[In-Database Python Analysis Tutorial with SQL Server 2017] Step 3: Data Exploration and Visualization

From the beginning of the tutorial

In-Database Python Analysis for SQL Developers

Previous step

Step 2: Import data into SQL Server using PowerShell

Next step

Step 4: Feature extraction of data using T-SQL

Step 3: Data exploration and visualization

Data science solution development typically involves intensive data exploration and data visualization. In this step, you will explore the sample data and generate some plots. In addition, you will learn how to serialize graphics objects in Python and how to deserialize and create plots.

[!NOTE] This tutorial only shows the binary classification model. It is also possible to build other models such as regression classification and multinomial classification.

Data confirmation

The original dataset provides the taxi identifier and driving record in separate files, but we have joined with medallion, hack_license, and pickup_datetime as keys to make the sample data easier to use. The records used are sampled at 1% of the original number of records. The sampled dataset has 1,703,957 rows and 23 columns.

** Taxi identifier **

--The medallion column shows the unique ID number of the taxi. --The hack_license column shows the driver's anonymized driver's license number.

** Driving record and fare record **

――Each driving record includes the location and time of boarding and alighting, and the driving distance. --Each fare record contains payment information such as payment type, total payment amount, tip amount and so on. --The last three columns can be used for various machine learning tasks. --The tip_amount column contains consecutive numbers and can be used as a label column (objective variable) for regression analysis. --The tipped column has only yes / no values and can be used as a label column (objective variable) for binary classification. --The tip_class column has multiple ** class labels ** and can be used as a label column (objective variable) for multinomial classification. --The value used as the label column is based on the tip_amount column.

 |Column|rule|
 |:--|:--|
 |tipped|If tip_amount > 0, tipped = 1, otherwise tipped = 0|
 |tip_class|Class 0: tip_amount =$ 0<br/> Class 1: tip_amount >$ 0and tip_amount <=$ 5<br/> Class 2: tip_amount >$ 5and tip_amount <=10 dollars<br/> Class 3: tip_amount >10 dollarsand tip_amount <=$ 20<br/> Class 4: tip_amount >$ 20|

Create plots in Python within T-SQL

Visualization is important for understanding the distribution of data and outliers, and Python provides many packages for data visualization.
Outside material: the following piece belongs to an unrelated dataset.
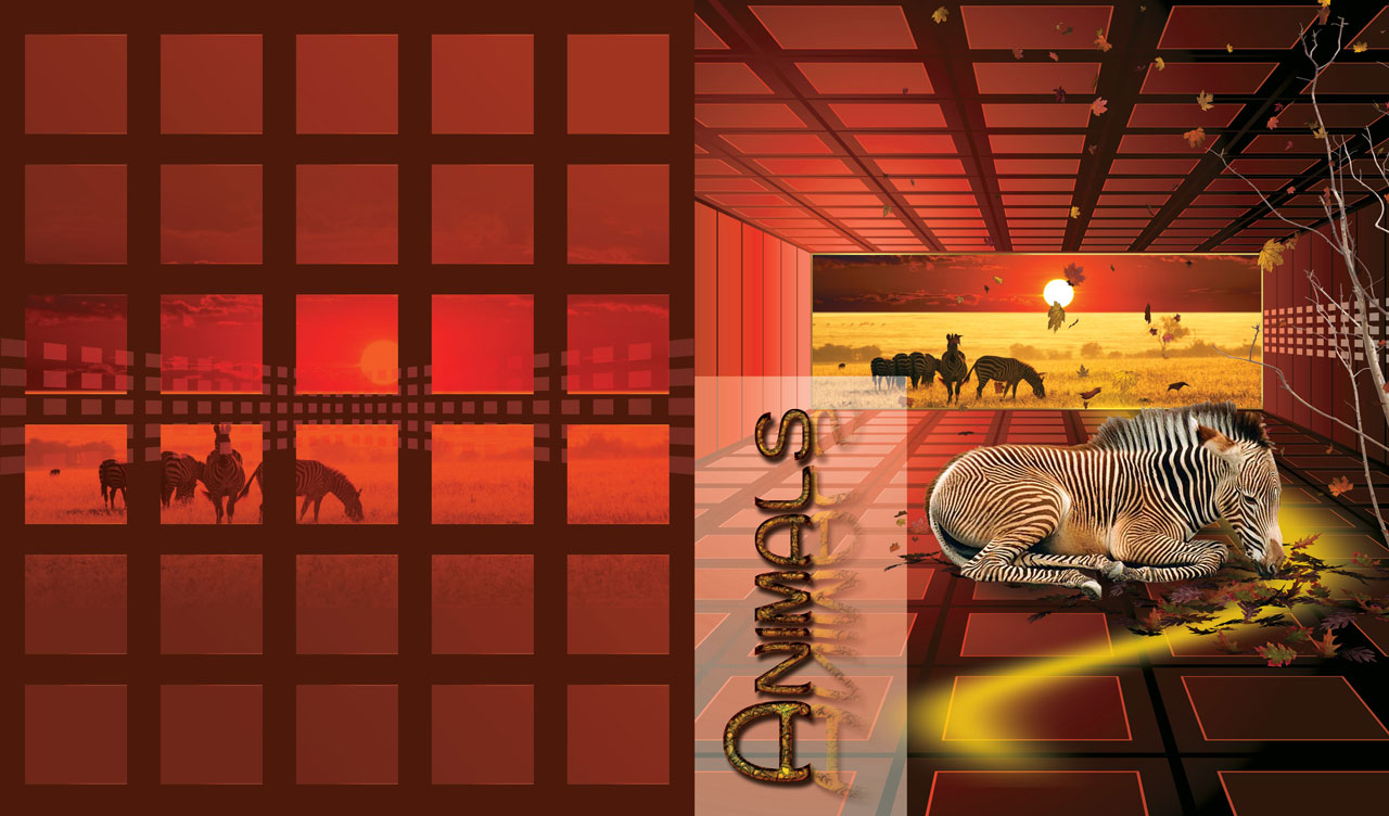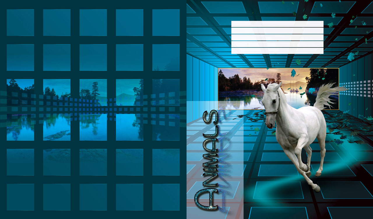 1. A tiger in a green cubic pattern room and a landscape of wild nature is behind it 2. Zebra lies on the floor of a red cubic room and a landscape of a savanna behind it 3. Wolf lies in a green cubic room behind which is a landscape of a green field 4. White horse gallops in a blue cubic room and a landscape of a lake behind it

The matplotlib module includes many features for creating histograms, scatter plots, box plots, and other data exploration graphs.

In this section, you will learn how to work with plots using stored procedures. Here, the plot is treated as varbinary type data.

Store plot as varbinary data type

The ** RevoScalePy ** package of the Python library included in SQL Server 2017 Machine Learning Services is equivalent to the RevoScaleR package of the R library. This example uses rxHistogram to plot a histogram based on the Transact-SQL query result data. Wrap it in a PlotHistogram stored procedure for ease of use.

This stored procedure returns a serialized Python drawing object as a stream of varbinary data. You cannot view the binary data directly, but you can use Python code on the client to deserialize the binary data and save the image file on the client computer.

Define a SerializePlots stored procedure

The stored procedure SerializePlots is defined in SQL Server through Step 2: Import Data into SQL Server Using PowerShell (http://qiita.com/qio9o9/items/98df36982f1fbecdf5e7).

  1. In Management Studio's Object Explorer, expand Programming> Stored Procedures.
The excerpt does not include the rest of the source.